This project demonstrates how to create a voice assistant using Python, FastAPI, WebSockets, and an AG2 RealtimeAgent. The application streams audio from a browser to a FastAPI server and enables real-time voice communication with the RealtimeAgent.
- WebSocket Audio Streaming: Direct real-time audio streaming between the browser and server.
- FastAPI Integration: A lightweight Python backend for handling WebSocket traffic.
Before you begin, ensure you have the following:
- Python 3.9+: The project was tested with
3.9
. Download here. - An OpenAI account and an OpenAI API Key. You can sign up here.

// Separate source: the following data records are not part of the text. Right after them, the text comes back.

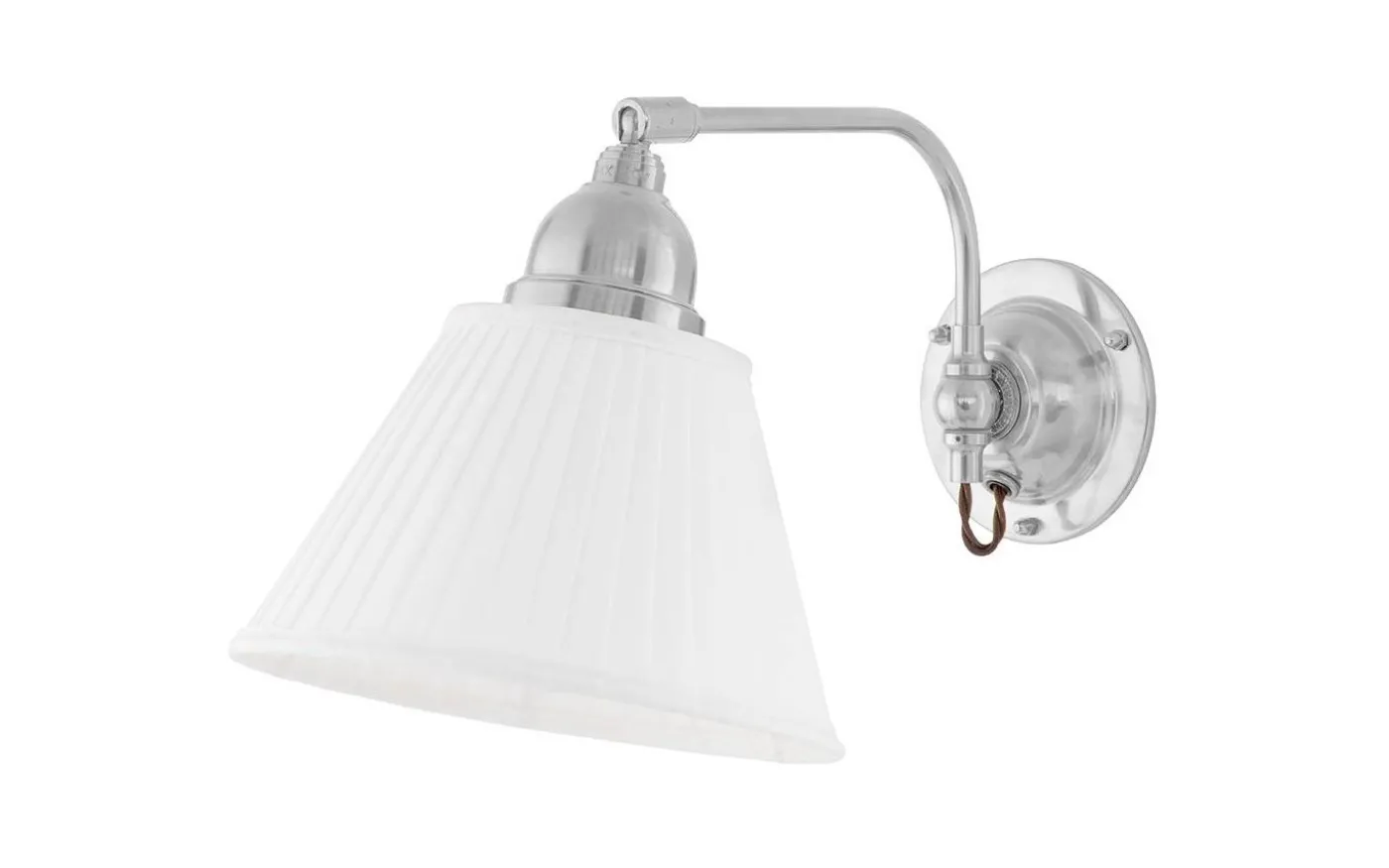 Klassisk väggarmatur med vrid- och riktbar arm, framförallt avsedd som sängbelysning. Kan med sitt flexibla fäste förses med antingen textil- eller metallskärm, eller möjligen en glasskärm, vilket dock lämpar sig sämre vid en säng. För fast montage. För att gå in med kuloledning kompletteras med en distansplatta.
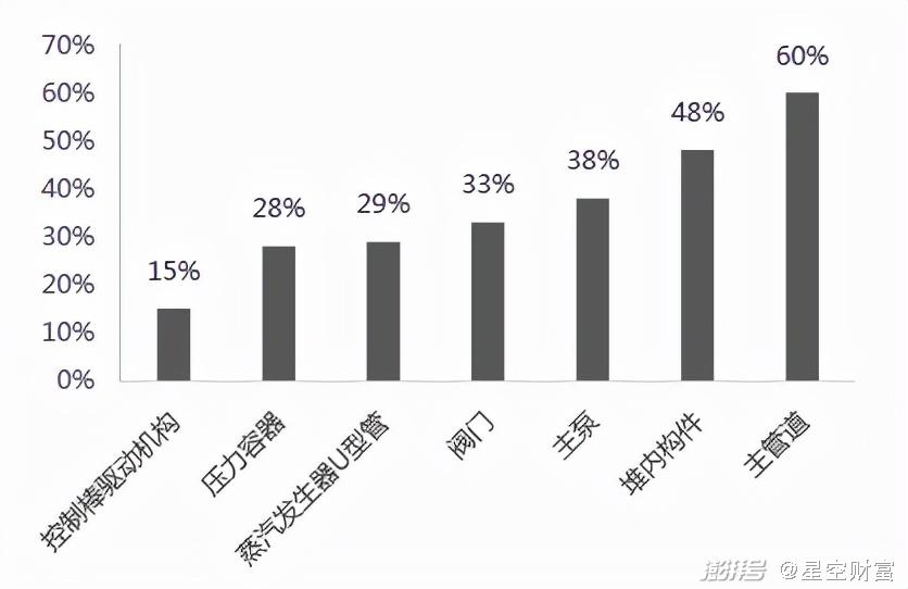 而核电设备中,一般包括了核岛、常规岛和核电辅助系统(BOP)三个部分,核岛是核心。核岛设备又可以继续细分成阀门、主管道等等。有一个突出的特点就是:技术壁垒越高的零部件,毛利率也就越高(你玩得了,别人玩不了,你自然就安全些)。比如主管道就接近60%,民营和国企纷纷入局,玩家主要有中国一重(601106)、东方电气(600875)、台海核电(002366)等等。
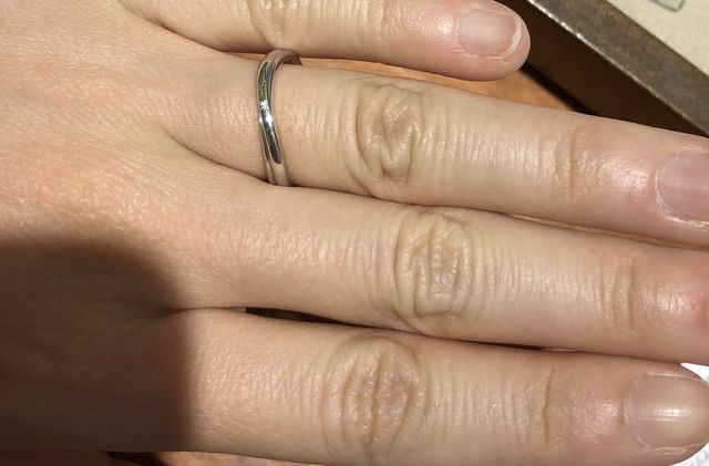 複数の店舗を見て回りましたが、この指輪が一番付け心地がよかったです。全体がとても丸みを帯びており、指への負担が少なく感じました。また、デザインも2つの線が重なり合うようなデザインがとてもかわいいです。

- OpenAI Realtime API access.
Follow these steps to set up the project locally:
git clone https://github.com/ag2ai/realtime-agent-over-websockets.git
cd realtime-agent-over-websockets
Create a OAI_CONFIG_LIST
file based on the provided OAI_CONFIG_LIST_sample
:
cp OAI_CONFIG_LIST_sample OAI_CONFIG_LIST
- In the OAI_CONFIG_LIST file, update the
api_key
to your OpenAI API key for the configuration with the tag "gpt-4o-mini-realtime"
- In the OAI_CONFIG_LIST file, update the
api_key
to your Gemini API key for the configuration with the tag "gemini-realtime" - In realtime_over_websockets/main.py update filter_dict tag to "gemini-realtime"
To reduce cluttering your global Python environment on your machine, you can create a virtual environment. On your command line, enter:
python3 -m venv env
source env/bin/activate
Install the required Python packages using pip
:
pip install -r requirements.txt
Run the application with Uvicorn:
uvicorn realtime_over_websockets.main:app --port 5050
With the server running, open the client application in your browser by navigating to http://localhost:5050/start-chat/. Speak into your microphone, and the AI assistant will respond in real time.
This project is licensed under the MIT License.